» Required work: Beginning with the line containing "Tulipán; élethű művirág", write out each line exactly through the end of the listing, and skip all pictures.

» Supplied data:
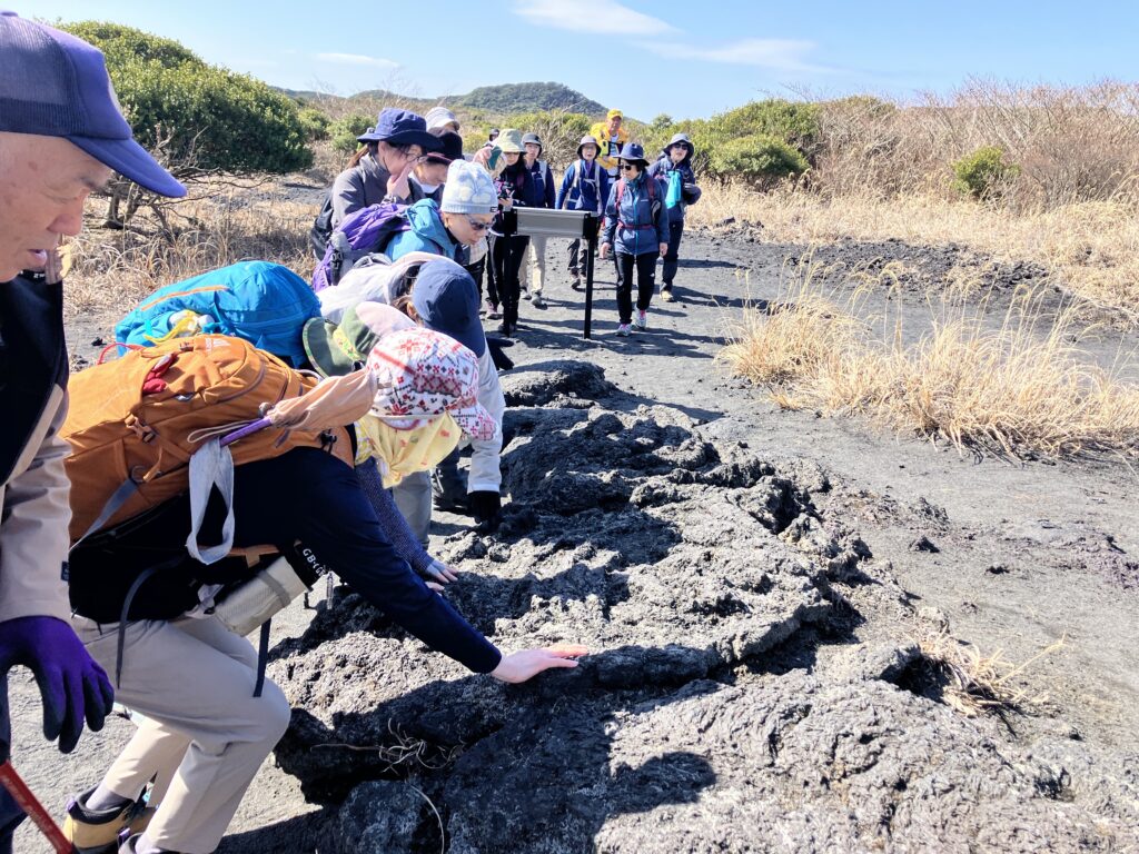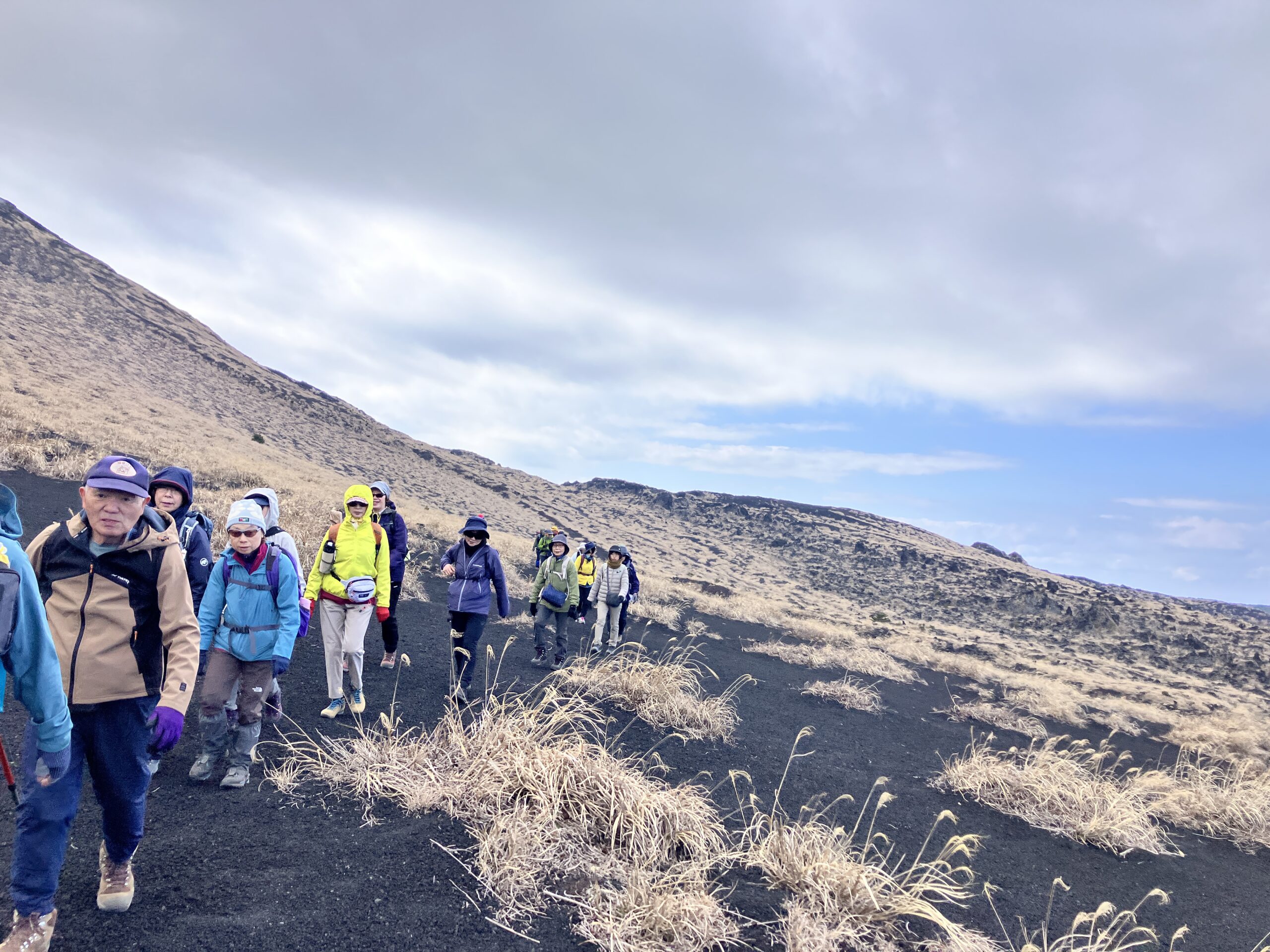今日のお客様は、とにかく元気いっぱい!トレッキング中も、「この溶岩はどうやってできたの?」「あの煙はなに?」と積極的に質問が飛び出し火山に興味津々でした。再生の一本道を歩きながらあんこ椿は恋の花をみなさんで合唱しながら進んで行きました。東北の皆さんの温かさとバイタリティに触れ、私自身もたくさんの元気をいただいた、本当に楽しいツアーとなりました。
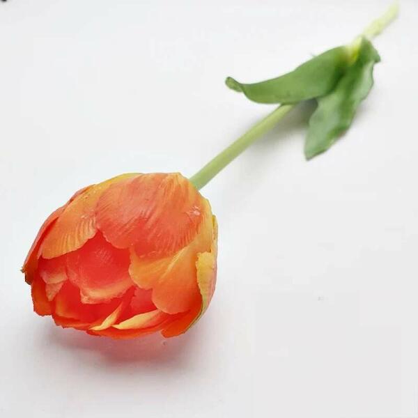 Tulipán; élethű művirág – gumi tulipán; real touch; dupla szirmú; 40cm-NARANCS Kiegészítője lehet: csokor, asztaldísz, tavaszi dekoráció. Kreatív ajándék alapanyag lehet: születésnap, névnap, esküvő, anyák napja, egyéb esemény…
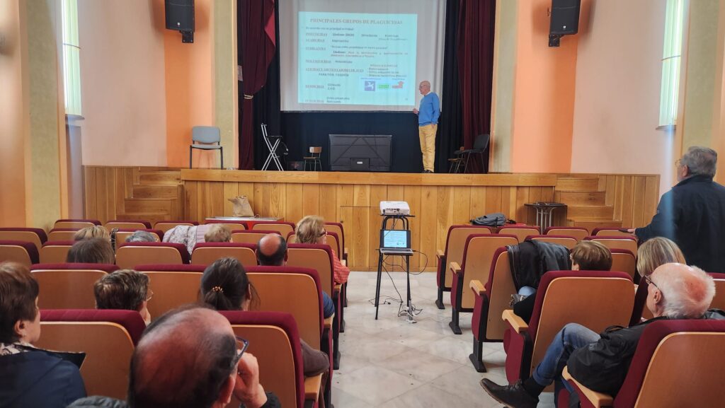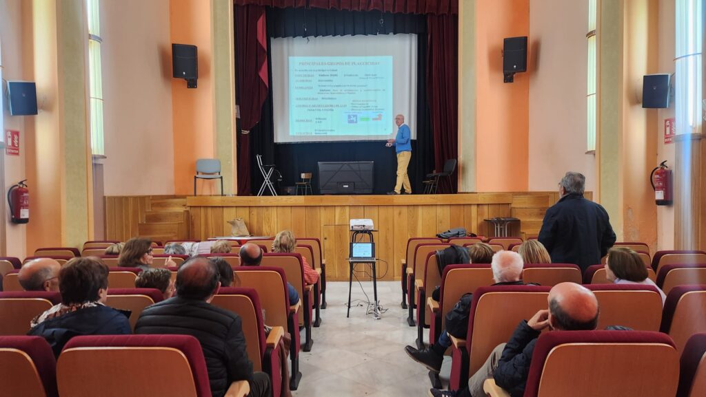 El profesor comenzó explicando que los plaguicidas, también llamados fitosanitarios, son productos químicos diseñados para proteger los cultivos de insectos, hongos, malas hierbas o roedores, y que, utilizados correctamente, contribuyen a un mayor rendimiento agrícola. Sin embargo, señaló, su eficacia debe equilibrarse con la seguridad para las personas, los animales y la flora útil del entorno. Se presentan bajo diversas formas: polvos, granulados, líquidos emulsionables o aerosoles, adaptados según el tipo de aplicación.

» Response to this task:
 Tulipán; élethű művirág – gumi tulipán; real touch; dupla szirmú; 40cm-NARANCS Kiegészítője lehet: csokor, asztaldísz, tavaszi dekoráció. Kreatív ajándék alapanyag lehet: születésnap, névnap, esküvő, anyák napja, egyéb esemény…
 El profesor comenzó explicando que los plaguicidas, también llamados fitosanitarios, son productos químicos diseñados para proteger los cultivos de insectos, hongos, malas hierbas o roedores, y que, utilizados correctamente, contribuyen a un mayor rendimiento agrícola. Sin embargo, señaló, su eficacia debe equilibrarse con la seguridad para las personas, los animales y la flora útil del entorno. Se presentan bajo diversas formas: polvos, granulados, líquidos emulsionables o aerosoles, adaptados según el tipo de aplicación.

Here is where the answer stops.